[DATA EXTRACT]
═══

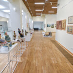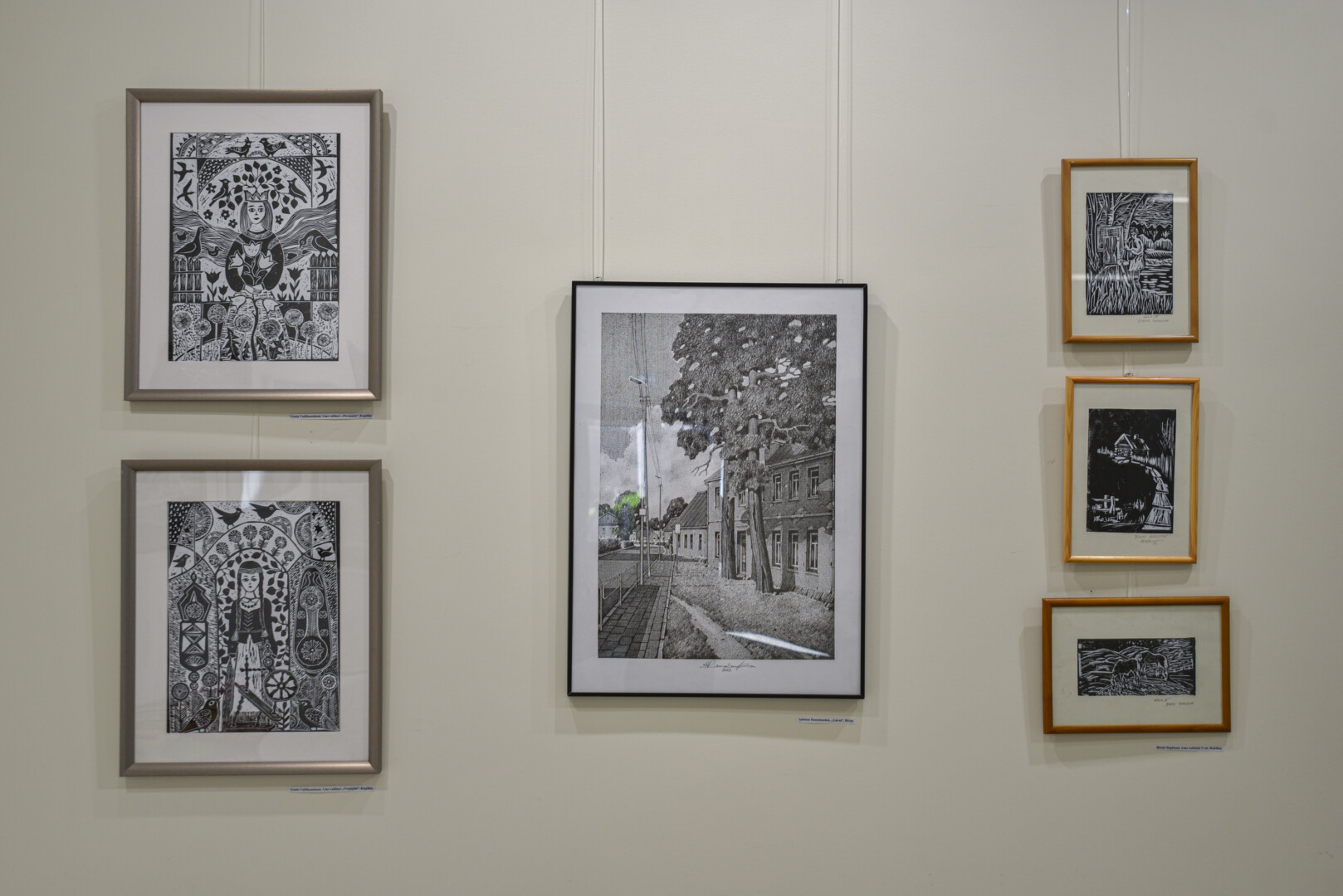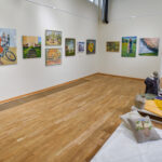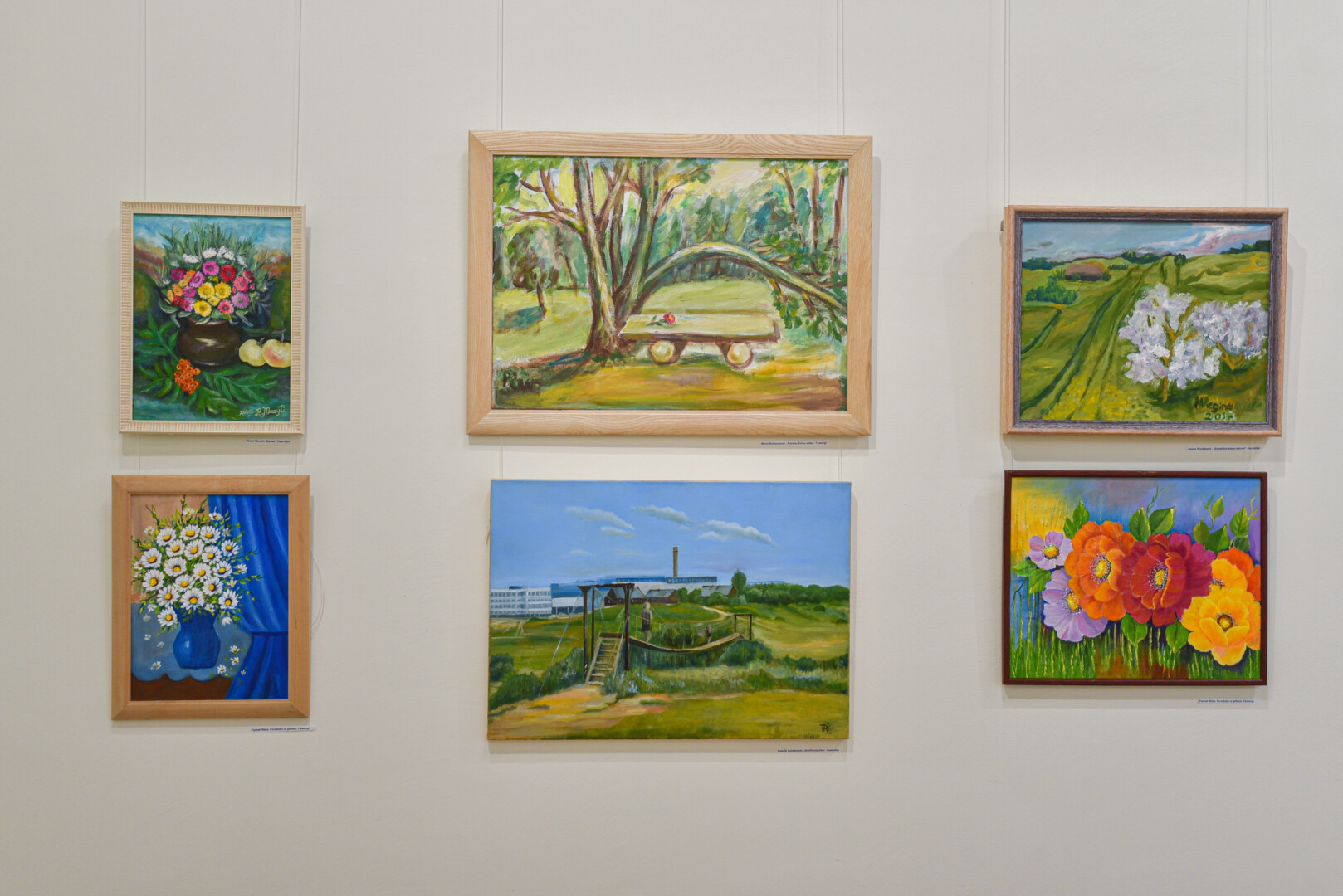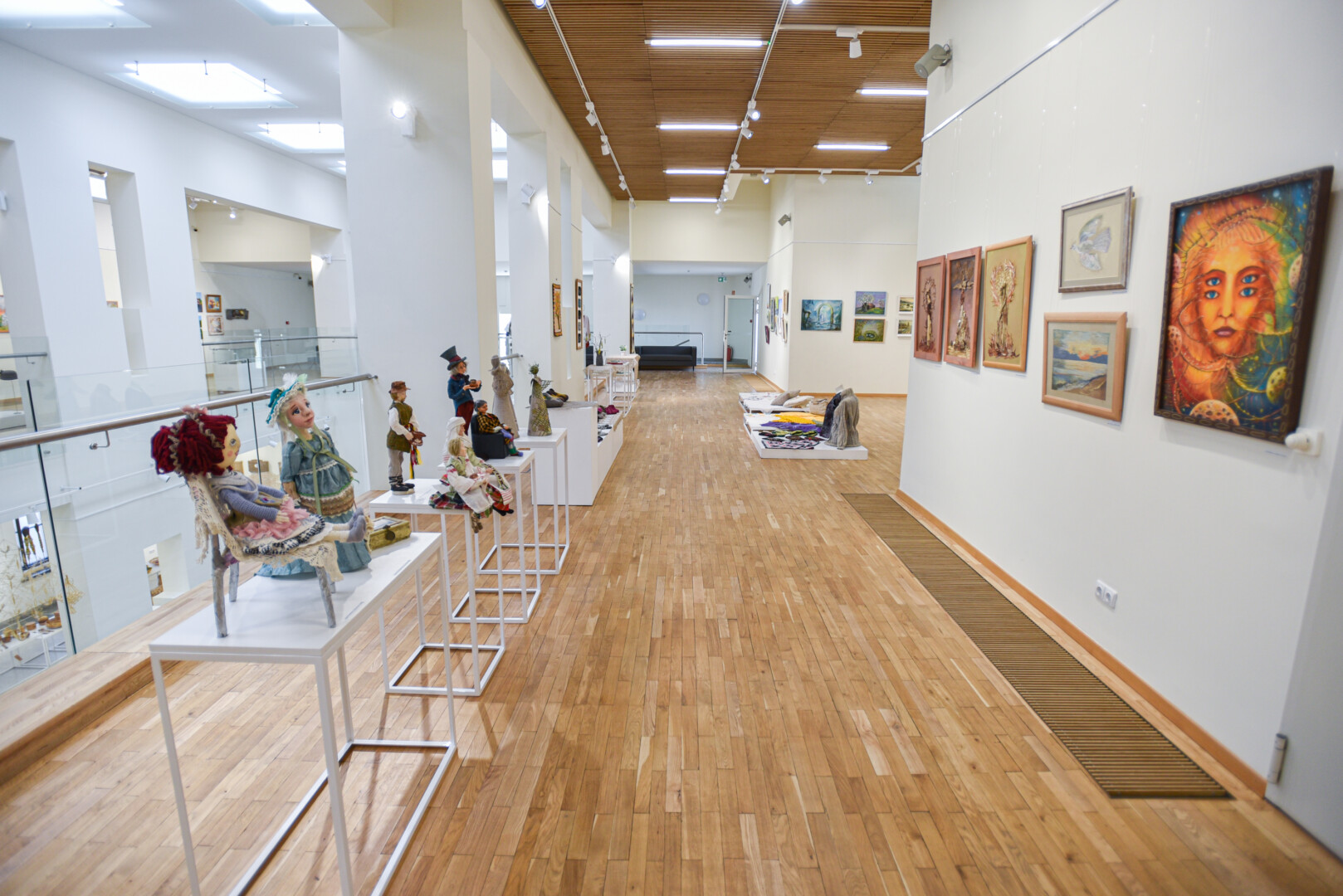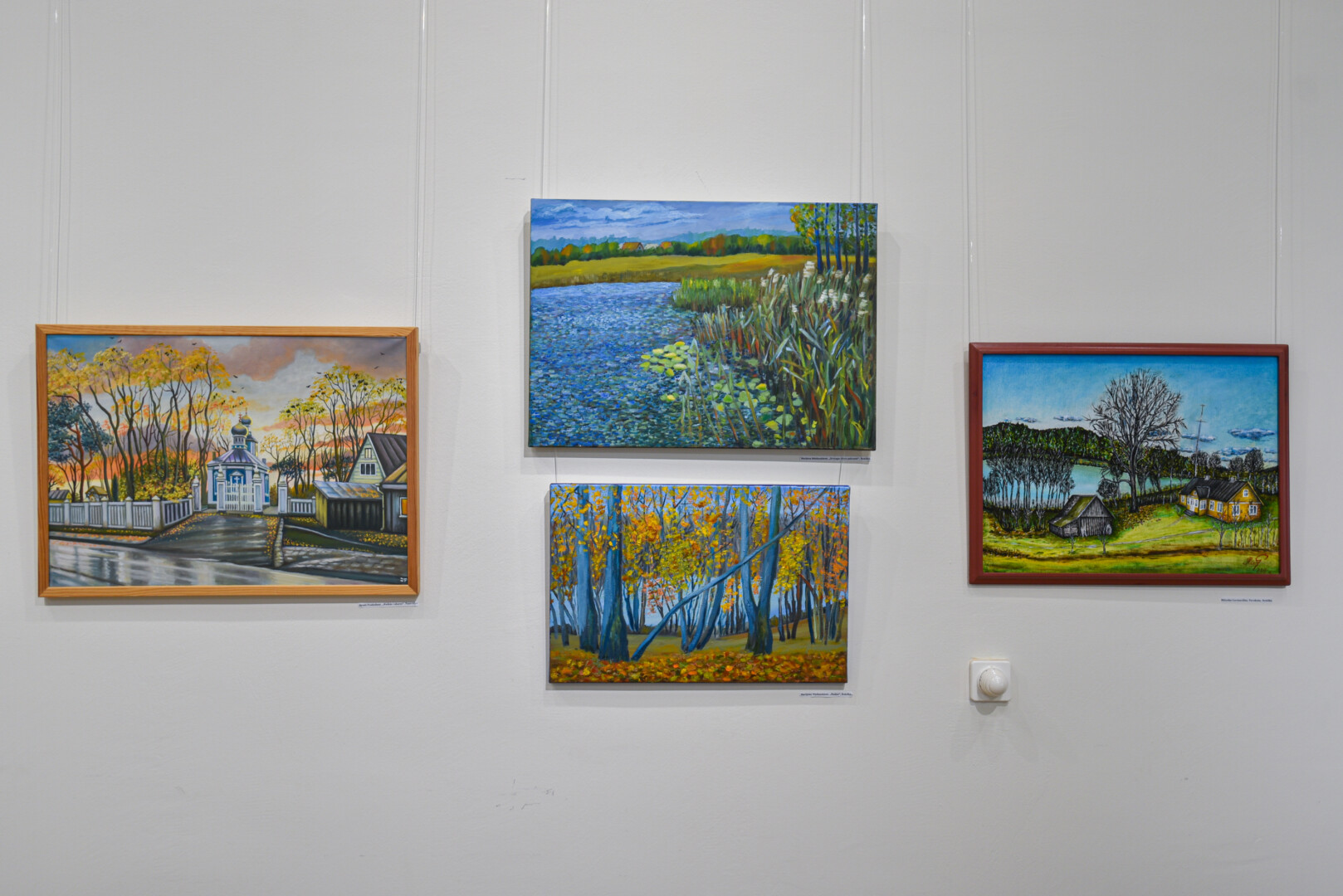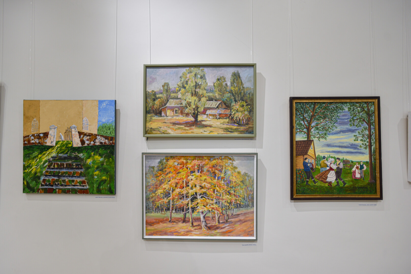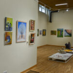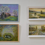 Krašto tautodailės parodoje ant sienų kaba peizažai, natiurmortai, kiti dailės darbai.
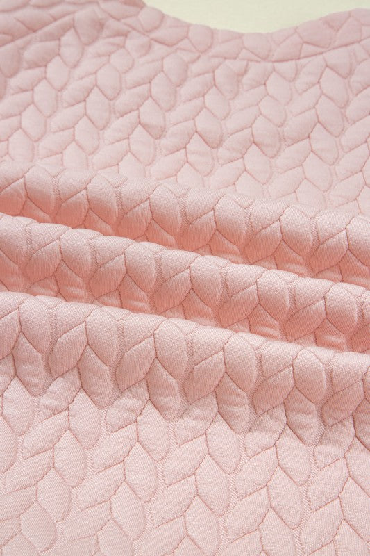 This playful two-piece set features a braided texture and a wide leg cut that effortlessly blends style and comfort. The top’s ruffled hem adds a touch of graceful charm, while the elastic waistband with a functional drawstring ensures a perfect fit. With handy side pockets and a loose silhouette, this outfit delivers casual chic with a fun twist. Perfect for making a stylish statement wherever you go! Polyester/Spandex
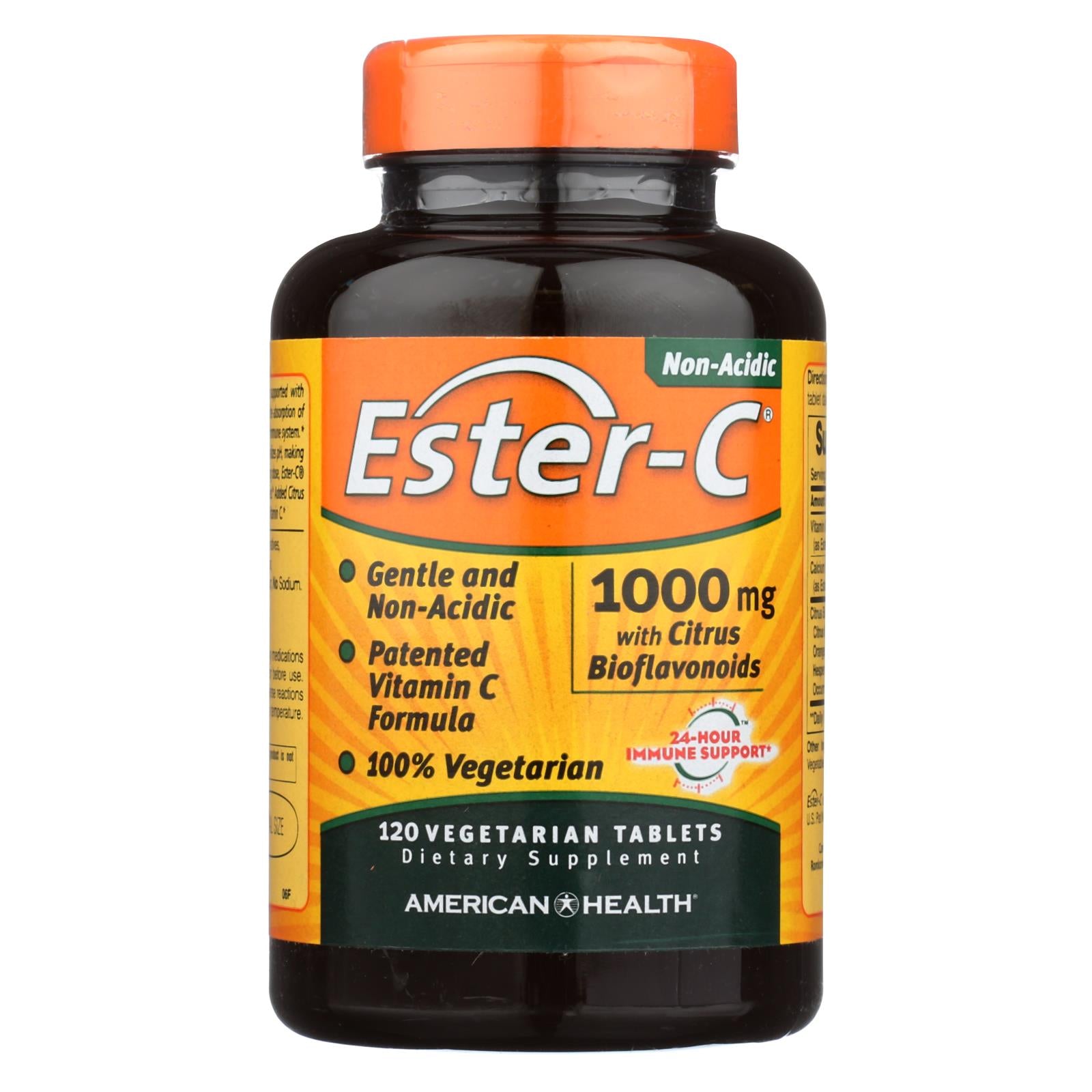 American health ester-c 1000 mg. With citrus bioflavonoids is our breakthrough patented vitamin c formula supported with naturally occurring metabolites. Metabolites help enhance the absorption of vitamin c by your white blood cells and we use a unique, chemical-free manufacturing process that neutralizes ph which makes it non-acidic. Our gluten-free dietary supplement has a formula with no gmos and free of artificial flavors, colors and preservatives. There is no soy, sodium, lactose, milk and milk products and no sugar. Included is one bottle of 120 american health ester-c 1000 mg. With citrus bioflavonoids vegetarian tablets. See nutrition facts panel for allergens. Good health does not need to be complicated. We understand the complex needs of a healthy lifestyle and develop supplements which work synergistically with your natural physiology to help promote proper balance and wellness.

═══

[WORK INSTRUCTIONS] Every line of the listing is to be retyped exactly; pictures stay out.

[SOLVED PROBLEM]
 Krašto tautodailės parodoje ant sienų kaba peizažai, natiurmortai, kiti dailės darbai.
 This playful two-piece set features a braided texture and a wide leg cut that effortlessly blends style and comfort. The top’s ruffled hem adds a touch of graceful charm, while the elastic waistband with a functional drawstring ensures a perfect fit. With handy side pockets and a loose silhouette, this outfit delivers casual chic with a fun twist. Perfect for making a stylish statement wherever you go! Polyester/Spandex
 American health ester-c 1000 mg. With citrus bioflavonoids is our breakthrough patented vitamin c formula supported with naturally occurring metabolites. Metabolites help enhance the absorption of vitamin c by your white blood cells and we use a unique, chemical-free manufacturing process that neutralizes ph which makes it non-acidic. Our gluten-free dietary supplement has a formula with no gmos and free of artificial flavors, colors and preservatives. There is no soy, sodium, lactose, milk and milk products and no sugar. Included is one bottle of 120 american health ester-c 1000 mg. With citrus bioflavonoids vegetarian tablets. See nutrition facts panel for allergens. Good health does not need to be complicated. We understand the complex needs of a healthy lifestyle and develop supplements which work synergistically with your natural physiology to help promote proper balance and wellness.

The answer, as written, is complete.